Question came up in a forum about why people stay in martial arts once they get past the basic tools. 


The hardcore street guys allow that once you get the basics that's what you need, and if you can't get enough tools in a few months, staying for a few years won't help.  They have a point -- past what you need to physically do the job, you shift into attitude and awareness and whether you are training for reality or fantasy, and what that entails. (I confess I kinda like the notion that most martial artists are training to fight dogs and when they run into a wolf, they will have big trouble. I don't agree with the notion that all martial arts are a waste of time for self-defense and won't work against the wolf. But that's a position I don't need to go into for the purposes of this discussion, save to allow that it exists and that it's an agree-to-disagree thing.)


There are all kinds of reasons to study a martial art, ranging from gaining confidence, to learning real skills in how to move, to camaraderie; getting in shape, or learning a trade might be there. Competition. And where I find myself these days, trying to master a discipline simply because I want to master it.


Do I know it pretty well by now? Yes. But I put a different premium on "mastery."


Back in the day, the cachet of the black belt was a big goal. Get there, you could teach, and you would be a bulletproof monk and all. Not the case once you got there, but it was part of the program that set a lot of people on a path. Sometimes an unrealistic expectation can still pay off.


I liken this long-term commitment to mastering a musical instrument. Yeah, at some point you'll get good enough to maybe entertain an audience, but the really great players never quit practicing and learning. When Segovia was pushing ninety, he was still practicing six hours a day. Not as if he didn't already know how to play, but he kept at it.

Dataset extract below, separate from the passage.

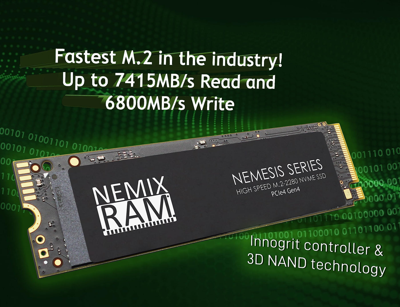 Nemix Ram Nemesis Series 4Tb M.2 2280 Gen4 Nvme Ssd For Playstation 5 & Pc Gaming Machines Fastest Write Speeds Up To 7415Mbps Supports Pcie 4 (Pcie3 Backward Compatible)

At that level, the motivation is something else. What your ninety-year-old self can do isn't the same as what your thirty-year-old self could do. There is a difference between what you need and what you want, and as in many things, you will sometimes have the option to choose which you pursue.


For martial stuff, there is a point of diminishing returns vis a vis the usefulness. If Ali wins the heavyweight championship of the world, that his wrist was crooked when he threw that punch in round three that knocked his opponent down is maybe not really something that should keep him up nights worrying. But if it makes him feel better to know that his wrist was straight? Good for him. 


I used to shoot smallbore pistol silhouette. Small targets at progressively longer ranges, starting with one about the size of a teacup at twenty-five years and ranging out to one the size of a dinner plate at a hundred yards. Forty targets, forty shots, your score was how many you hit. The goal was 40/40. I was in the 38/40 class most of the time. It was a game of precision.


A combat shooter who can keep all of them from his nine within the A-zone at twenty-five meters is happy, but using his weapon on a ram silhouette at a hundred yards? He might hit one or two, but I wouldn't bet on ten for ten. His weapon is great for what it is intended to do, but it's not a precision tool for a long-range discipline. He doesn't need a tack-driver; the silhouette shooter does. At short range, I'd want the 9mm combat pistol. If I had to make the head shot at a hundred yards? The hit with the .22 LR is better than a miss with the nine.

2 comments:

Dojo Rat said...

I agree with the notion of learning for learning's sake.

I fought in a dozen large tournaments, the last at age 38. Gave it up.
Learned over twenty Tae Kwon Do forms and twice that many defence patterns. Threw them all out.
Repeated the process with Kenpo. Threw them all out.
Now the softer Chinese stuff suits my aging body. But I'm driven to learn complete systems, so here I am ten years into another serious study. But this one is something I can practice as I get older, without unrealistic goals.
Great pic of the young Obi-Wan Perry in classic Karate pose...

steve-vh said...

My trainingpartner got a new rifle. Put in 400 shots the first day. Other hunters questioned why so many.
That's why he's a great hunter, not a good one.


i used to have to explain FMA to the country folk around here with a gun/bow analogy. No difference in learning to master a skill.